I took a couple of hours to go through the jointer setup, the tables are co-planar within a few thousands, (i did add a shim to the outfeed table to bring it closer from where it had been). I've set the blade dead even with the outfeed table, and the infeed table is dropped 1/16" below the blade/outfeed.

Putting the boards back through the jointer for three passes each has not improved the gap at midpoint between the two boards that I can see as it is still about 1/4"

Any ideas on what I'm doing wrong? Am I just asking too much from the old jointer I have? The total length of the jointer tables are just under 4'.


----------



## Steve Neul (Sep 2, 2011)

What you will need to do is put a catch table behind your jointer that is low on the front and have the back end of it level with your rear table. This will enable you to joint longer wood than you can with the jointer alone. Since it has a gap in the middle look down the edges of the boards and see where the boards are not straight. If it's a continuous dip in the middle start in the middle of the board and joint to the end removing wood from the end. Then turn the board around and start in the middle and do the same thing. Then look and see if it's any straighter. 1/4" you will have to do this more than once if not both boards.

For a long time I used this little 3' long jointer which I made an extension in order for me to joint 8' lumber. It's basically the same as the catch table only it's attached. In your case the catch table would need to be farther back.


----------



## Phyberoptic (Feb 26, 2017)

Thanks, I'll give that a try in the morning... So the catch table is not co-planar with the outfeed table of the jointer. How much of an angle is this catchfeed table set at?
-=Phyber


----------



## Steve Neul (Sep 2, 2011)

Phyberoptic said:


> Thanks, I'll give that a try in the morning... So the catch table is not co-planar with the outfeed table of the jointer. How much of an angle is this catchfeed table set at?
> -=Phyber


If you have the catch table flat and level with the rear table of the jointer more than likely the board will catch on the front of the table and push the table. I would put the front edge of the catch table about an inch below the rear table. It's the back edge that will do the job for you. The board should mostly pass over the catch table and make contact at the end of the table. 
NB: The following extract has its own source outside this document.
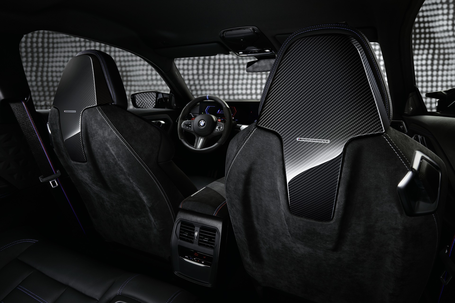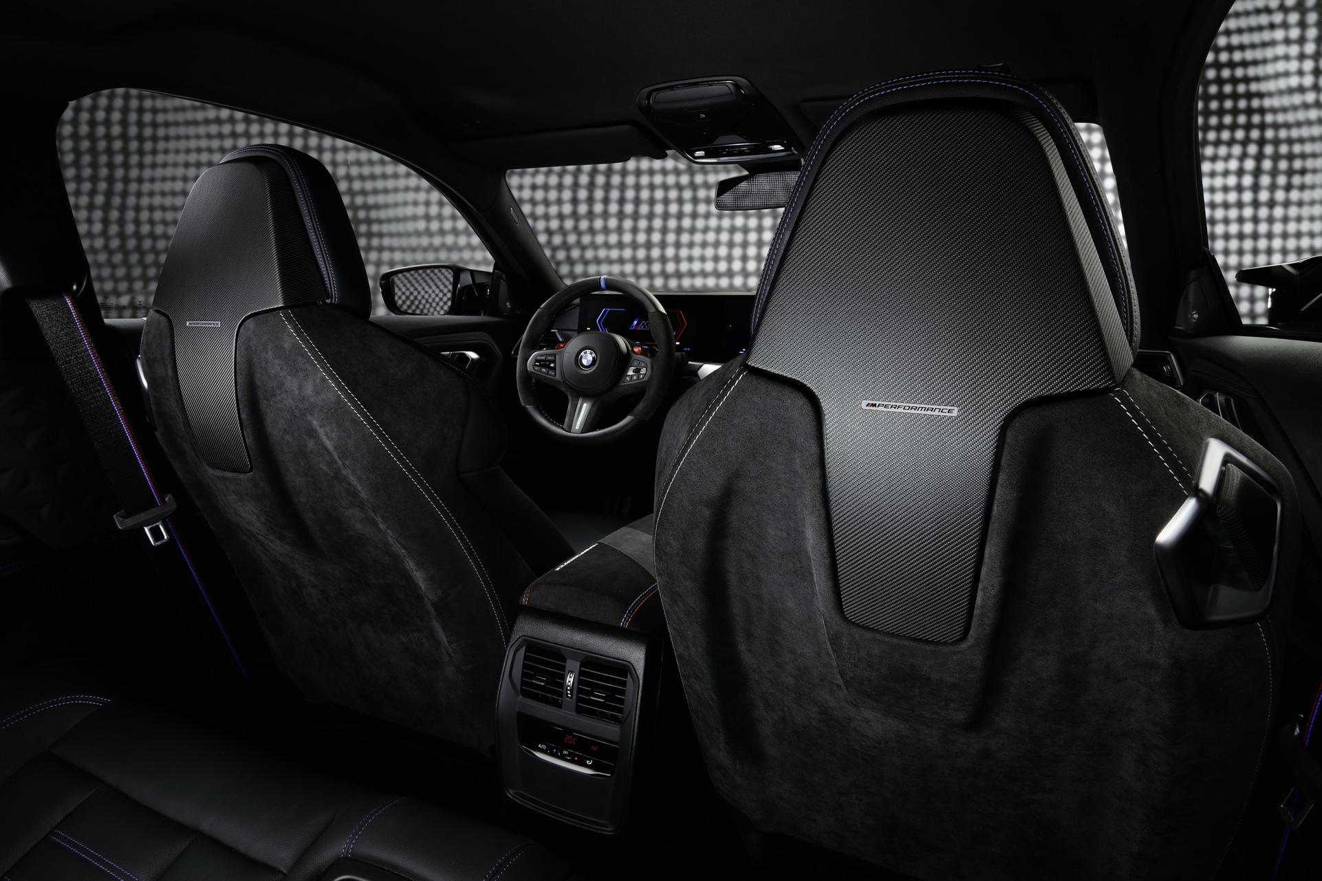 進到車內,消費者能加選特殊飾板以及特殊材質,有碳纖維和Alcantara包覆兩種,包括膝部飾板、中央扶手、方向盤、座椅後蓋、中控台與門飾板等,帶來更熱血的車飾氛圍,除此之外,也可以看到比起標準版更多的M性能標誌,這對於M2來說有大大加分效果。

There is just too much gravity and leverage to try to hold a long board down on a jointer. By using the catch table it's like having a lot longer jointer.


----------



## EdS (Mar 21, 2013)

You could solve the problem with a simple jig like this.


----------



## evilboweivel (Nov 3, 2018)

*evilboweivel*

I have a 8' long extension on the outfeed side of my jointer most of the time and add a 6 1/2' to the infeed when first processing lumber. trying to eliminate the problem you are having


----------



## Larry42 (Jan 10, 2014)

The table saw trick will give you much better results. A sawn edge is perfect for gluing. Standard industrial practice. 
It is really hard to produce a perfect jointed edge on a short jointer and a long board. How fast you feed, how hard you push down and toward the fence all affect the result. I've got a 16"x8' jointer that I've had Blanchard ground and use a fixture to sharpen the knives in place. Tables have been aligned using and 8' precision ground steel straight edge. But I don't use it for edge jointing, only for facing. I use a straight line rip saw for all edge gluing. 
There is a good alternative for joining shorter work maybe up to 8'. Use a hand plane and a shooting board.


----------



## canarywood1 (Jun 9, 2016)

I concur with Larry 42, i do all edge gluing this way with a woodworker II blade on the saw.


----------



## woodnthings (Jan 24, 2009)

*I have a simple rule .....*

The rule is ... When the workpiece is long, large or heavy, move the saw on or across the material. When the workpiece is small or short move "it" across or into the saw blade.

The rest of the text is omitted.